| Exercise brief |
When the data below is printed, every line must match exactly and the images must be absent.

Entries taken from a collection
== Segment start ==

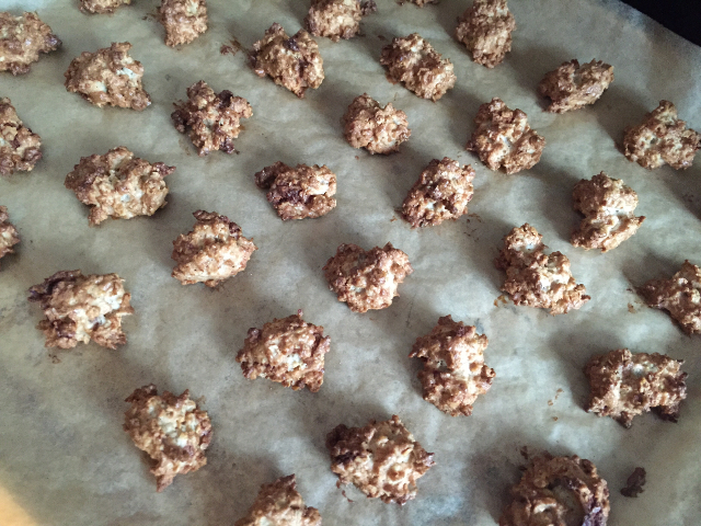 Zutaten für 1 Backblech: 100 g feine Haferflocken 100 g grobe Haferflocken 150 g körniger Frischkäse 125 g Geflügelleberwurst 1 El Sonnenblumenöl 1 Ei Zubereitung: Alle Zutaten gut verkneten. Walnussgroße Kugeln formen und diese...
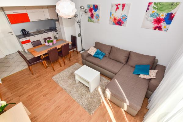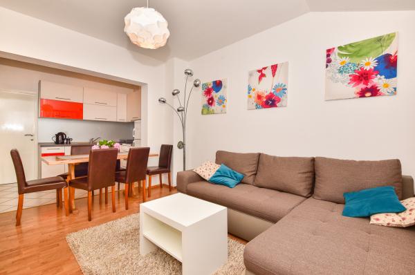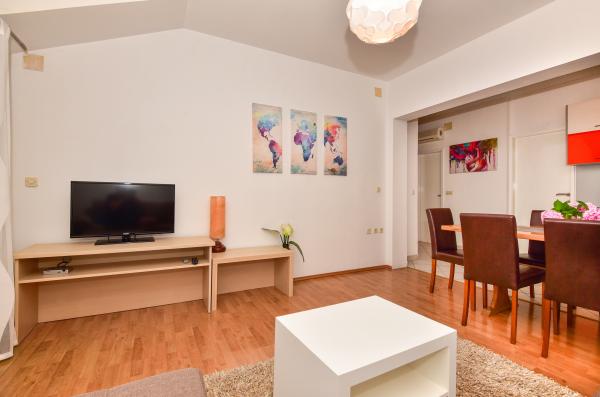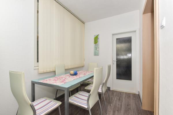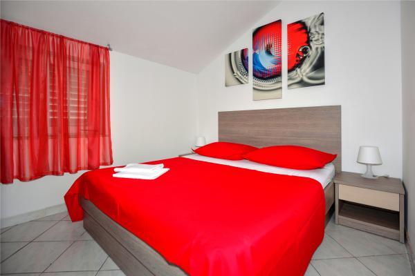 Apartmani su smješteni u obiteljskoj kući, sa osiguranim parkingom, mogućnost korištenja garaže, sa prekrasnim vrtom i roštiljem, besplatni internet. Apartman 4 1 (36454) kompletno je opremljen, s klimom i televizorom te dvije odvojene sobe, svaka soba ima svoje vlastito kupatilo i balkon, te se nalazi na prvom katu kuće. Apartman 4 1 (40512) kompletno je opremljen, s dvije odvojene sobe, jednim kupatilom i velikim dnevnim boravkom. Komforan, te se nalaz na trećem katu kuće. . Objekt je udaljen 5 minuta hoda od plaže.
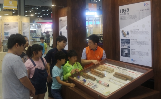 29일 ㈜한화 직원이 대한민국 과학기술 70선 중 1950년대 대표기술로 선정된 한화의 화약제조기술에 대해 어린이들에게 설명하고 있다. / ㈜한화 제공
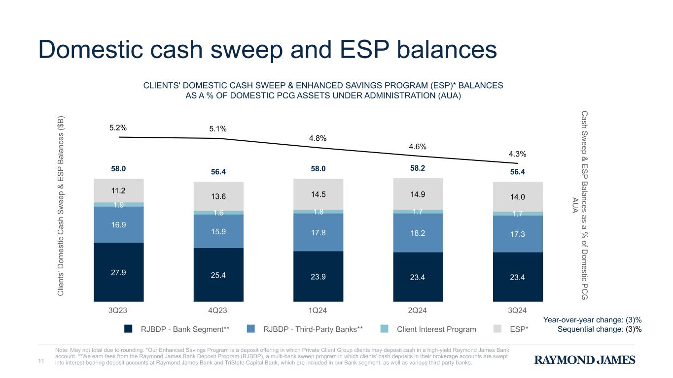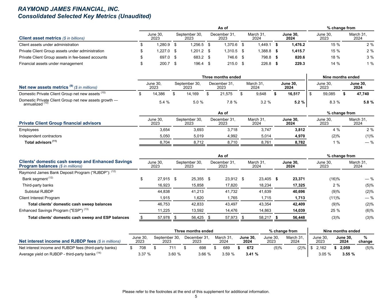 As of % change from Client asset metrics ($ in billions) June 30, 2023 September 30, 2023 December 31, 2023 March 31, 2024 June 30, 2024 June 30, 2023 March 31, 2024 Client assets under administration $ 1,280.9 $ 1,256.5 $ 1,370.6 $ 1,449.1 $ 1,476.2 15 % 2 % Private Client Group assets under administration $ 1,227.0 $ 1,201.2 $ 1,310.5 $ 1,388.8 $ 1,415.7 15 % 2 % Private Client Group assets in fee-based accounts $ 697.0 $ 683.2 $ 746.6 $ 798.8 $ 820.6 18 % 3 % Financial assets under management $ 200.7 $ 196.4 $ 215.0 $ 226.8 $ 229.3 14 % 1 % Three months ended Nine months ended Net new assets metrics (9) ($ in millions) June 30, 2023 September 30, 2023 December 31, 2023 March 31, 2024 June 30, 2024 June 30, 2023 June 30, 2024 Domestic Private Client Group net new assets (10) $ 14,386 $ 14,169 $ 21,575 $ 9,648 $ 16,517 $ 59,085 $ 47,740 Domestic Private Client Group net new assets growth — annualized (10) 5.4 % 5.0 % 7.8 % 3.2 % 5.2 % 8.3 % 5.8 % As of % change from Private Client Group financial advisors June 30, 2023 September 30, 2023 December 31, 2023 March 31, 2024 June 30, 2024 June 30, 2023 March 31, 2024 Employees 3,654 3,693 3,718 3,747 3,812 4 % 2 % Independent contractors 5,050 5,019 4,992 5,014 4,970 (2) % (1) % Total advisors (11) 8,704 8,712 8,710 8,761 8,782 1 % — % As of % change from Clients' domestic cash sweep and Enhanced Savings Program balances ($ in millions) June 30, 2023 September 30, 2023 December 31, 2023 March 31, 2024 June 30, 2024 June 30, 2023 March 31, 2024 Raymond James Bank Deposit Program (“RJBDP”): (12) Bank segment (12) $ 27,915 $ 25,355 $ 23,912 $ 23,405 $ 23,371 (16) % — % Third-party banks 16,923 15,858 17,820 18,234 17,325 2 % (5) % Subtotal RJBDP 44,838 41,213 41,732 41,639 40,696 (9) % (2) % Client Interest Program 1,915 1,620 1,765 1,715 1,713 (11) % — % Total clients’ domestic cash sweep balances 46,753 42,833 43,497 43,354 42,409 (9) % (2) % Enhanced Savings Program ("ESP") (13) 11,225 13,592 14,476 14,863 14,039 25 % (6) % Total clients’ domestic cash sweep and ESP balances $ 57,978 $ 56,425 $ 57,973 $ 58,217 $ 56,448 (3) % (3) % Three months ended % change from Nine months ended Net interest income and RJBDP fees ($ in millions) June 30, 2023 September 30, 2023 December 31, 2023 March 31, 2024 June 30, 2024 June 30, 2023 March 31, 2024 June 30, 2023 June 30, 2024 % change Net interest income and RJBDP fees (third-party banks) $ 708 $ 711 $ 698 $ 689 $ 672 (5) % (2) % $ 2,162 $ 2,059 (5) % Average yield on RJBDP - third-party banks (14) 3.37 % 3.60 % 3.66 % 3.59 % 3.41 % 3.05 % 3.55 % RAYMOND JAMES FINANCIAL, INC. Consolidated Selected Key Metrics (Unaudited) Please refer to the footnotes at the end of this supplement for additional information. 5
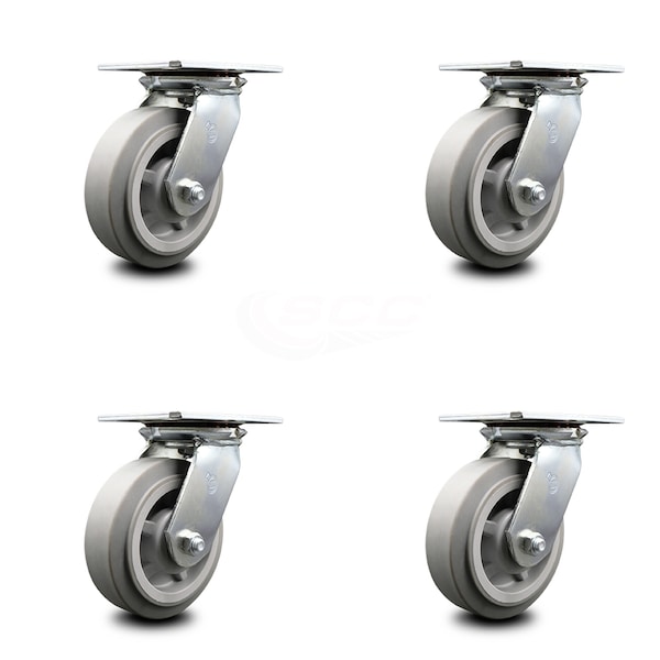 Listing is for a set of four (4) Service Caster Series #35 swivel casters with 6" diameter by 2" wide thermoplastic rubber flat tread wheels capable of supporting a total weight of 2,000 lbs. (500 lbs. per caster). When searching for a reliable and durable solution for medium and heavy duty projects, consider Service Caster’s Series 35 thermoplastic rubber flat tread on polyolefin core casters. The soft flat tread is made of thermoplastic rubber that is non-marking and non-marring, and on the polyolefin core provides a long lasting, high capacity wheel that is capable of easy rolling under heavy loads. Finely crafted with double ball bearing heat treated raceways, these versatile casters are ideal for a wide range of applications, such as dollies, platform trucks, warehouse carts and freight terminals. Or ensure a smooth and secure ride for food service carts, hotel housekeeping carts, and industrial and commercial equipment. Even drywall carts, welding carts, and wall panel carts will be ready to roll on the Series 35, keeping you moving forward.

== Segment end ==

| Result |
 Zutaten für 1 Backblech: 100 g feine Haferflocken 100 g grobe Haferflocken 150 g körniger Frischkäse 125 g Geflügelleberwurst 1 El Sonnenblumenöl 1 Ei Zubereitung: Alle Zutaten gut verkneten. Walnussgroße Kugeln formen und diese...
 Apartmani su smješteni u obiteljskoj kući, sa osiguranim parkingom, mogućnost korištenja garaže, sa prekrasnim vrtom i roštiljem, besplatni internet. Apartman 4 1 (36454) kompletno je opremljen, s klimom i televizorom te dvije odvojene sobe, svaka soba ima svoje vlastito kupatilo i balkon, te se nalazi na prvom katu kuće. Apartman 4 1 (40512) kompletno je opremljen, s dvije odvojene sobe, jednim kupatilom i velikim dnevnim boravkom. Komforan, te se nalaz na trećem katu kuće. . Objekt je udaljen 5 minuta hoda od plaže.
 29일 ㈜한화 직원이 대한민국 과학기술 70선 중 1950년대 대표기술로 선정된 한화의 화약제조기술에 대해 어린이들에게 설명하고 있다. / ㈜한화 제공
 As of % change from Client asset metrics ($ in billions) June 30, 2023 September 30, 2023 December 31, 2023 March 31, 2024 June 30, 2024 June 30, 2023 March 31, 2024 Client assets under administration $ 1,280.9 $ 1,256.5 $ 1,370.6 $ 1,449.1 $ 1,476.2 15 % 2 % Private Client Group assets under administration $ 1,227.0 $ 1,201.2 $ 1,310.5 $ 1,388.8 $ 1,415.7 15 % 2 % Private Client Group assets in fee-based accounts $ 697.0 $ 683.2 $ 746.6 $ 798.8 $ 820.6 18 % 3 % Financial assets under management $ 200.7 $ 196.4 $ 215.0 $ 226.8 $ 229.3 14 % 1 % Three months ended Nine months ended Net new assets metrics (9) ($ in millions) June 30, 2023 September 30, 2023 December 31, 2023 March 31, 2024 June 30, 2024 June 30, 2023 June 30, 2024 Domestic Private Client Group net new assets (10) $ 14,386 $ 14,169 $ 21,575 $ 9,648 $ 16,517 $ 59,085 $ 47,740 Domestic Private Client Group net new assets growth — annualized (10) 5.4 % 5.0 % 7.8 % 3.2 % 5.2 % 8.3 % 5.8 % As of % change from Private Client Group financial advisors June 30, 2023 September 30, 2023 December 31, 2023 March 31, 2024 June 30, 2024 June 30, 2023 March 31, 2024 Employees 3,654 3,693 3,718 3,747 3,812 4 % 2 % Independent contractors 5,050 5,019 4,992 5,014 4,970 (2) % (1) % Total advisors (11) 8,704 8,712 8,710 8,761 8,782 1 % — % As of % change from Clients' domestic cash sweep and Enhanced Savings Program balances ($ in millions) June 30, 2023 September 30, 2023 December 31, 2023 March 31, 2024 June 30, 2024 June 30, 2023 March 31, 2024 Raymond James Bank Deposit Program (“RJBDP”): (12) Bank segment (12) $ 27,915 $ 25,355 $ 23,912 $ 23,405 $ 23,371 (16) % — % Third-party banks 16,923 15,858 17,820 18,234 17,325 2 % (5) % Subtotal RJBDP 44,838 41,213 41,732 41,639 40,696 (9) % (2) % Client Interest Program 1,915 1,620 1,765 1,715 1,713 (11) % — % Total clients’ domestic cash sweep balances 46,753 42,833 43,497 43,354 42,409 (9) % (2) % Enhanced Savings Program ("ESP") (13) 11,225 13,592 14,476 14,863 14,039 25 % (6) % Total clients’ domestic cash sweep and ESP balances $ 57,978 $ 56,425 $ 57,973 $ 58,217 $ 56,448 (3) % (3) % Three months ended % change from Nine months ended Net interest income and RJBDP fees ($ in millions) June 30, 2023 September 30, 2023 December 31, 2023 March 31, 2024 June 30, 2024 June 30, 2023 March 31, 2024 June 30, 2023 June 30, 2024 % change Net interest income and RJBDP fees (third-party banks) $ 708 $ 711 $ 698 $ 689 $ 672 (5) % (2) % $ 2,162 $ 2,059 (5) % Average yield on RJBDP - third-party banks (14) 3.37 % 3.60 % 3.66 % 3.59 % 3.41 % 3.05 % 3.55 % RAYMOND JAMES FINANCIAL, INC. Consolidated Selected Key Metrics (Unaudited) Please refer to the footnotes at the end of this supplement for additional information. 5
 Listing is for a set of four (4) Service Caster Series #35 swivel casters with 6" diameter by 2" wide thermoplastic rubber flat tread wheels capable of supporting a total weight of 2,000 lbs. (500 lbs. per caster). When searching for a reliable and durable solution for medium and heavy duty projects, consider Service Caster’s Series 35 thermoplastic rubber flat tread on polyolefin core casters. The soft flat tread is made of thermoplastic rubber that is non-marking and non-marring, and on the polyolefin core provides a long lasting, high capacity wheel that is capable of easy rolling under heavy loads. Finely crafted with double ball bearing heat treated raceways, these versatile casters are ideal for a wide range of applications, such as dollies, platform trucks, warehouse carts and freight terminals. Or ensure a smooth and secure ride for food service carts, hotel housekeeping carts, and industrial and commercial equipment. Even drywall carts, welding carts, and wall panel carts will be ready to roll on the Series 35, keeping you moving forward.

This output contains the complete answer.